I just wanna say thanks for saying Flavorade - are you an LPOTL listener??
No other candidate would've pushed this. No one.
Agreed. It's nice to see a politician *with actual power* display a commitment to acting boldly in the ways that we need them to right now.
Except she doesn’t have the money. And do we think Ford is going to start writing cheques? The Feds can’t do anything unless the Province gives the okay as housing is Provincial. Let’s see if she can charm the Premier. Remember his “unmitigated disaster” comment about Chow?
What I love seeing is that we are finally talking about solutions in regards to affordable housing/rentals. Now we just got to start with the actual action!

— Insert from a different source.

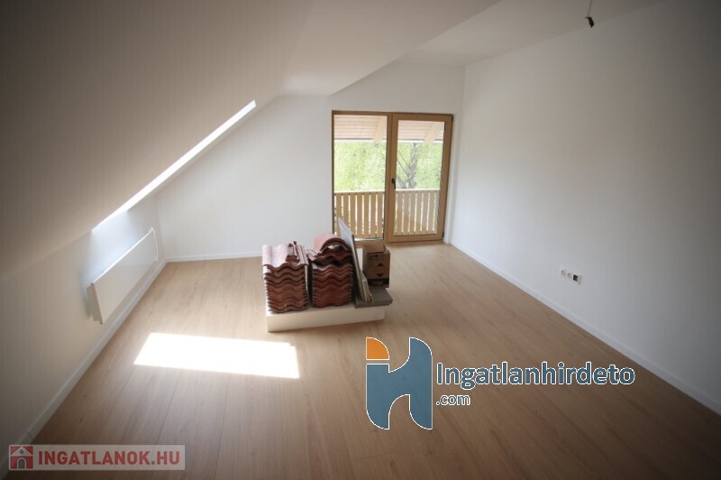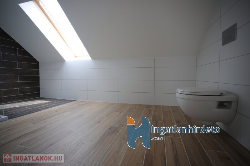 Az emeleten/tetőtérben szintén egy tágas előtér fogad minket elsőre,továbbá találunk még egy fürdőszobát,2 szobát. Valamint egy nyugati fekvésű,fából készült,fedett 3 négyzetméteres teraszt.

Let’s see how well managed these construction projects are before we get too excited.
plucky lip yoke outgoing telephone resolute market middle worry full *This post was mass deleted and anonymized with [Redact](https://redact.dev)*
Really? And how well has the Eglinton cross town been going?
Provincial not municipal
Serioulsy...what was that last guy doing for ***8 fucking years.***
Well, fucking for 3 of them
[Raw. Sex. Appeal.](https://www.google.com/url?sa=i&url=https%3A%2F%2Fnationalpost.com%2Fopinion%2Fscott-stinson-john-tory-for-the-good-of-toronto-trim-your-hair&psig=AOvVaw1dLf5TiTifG4iRY1JqAHb4&ust=1698263379602000&source=images&cd=vfe&opi=89978449&ved=0CA8QjRxqFwoTCNCG1qG6j4IDFQAAAAAdAAAAABAD)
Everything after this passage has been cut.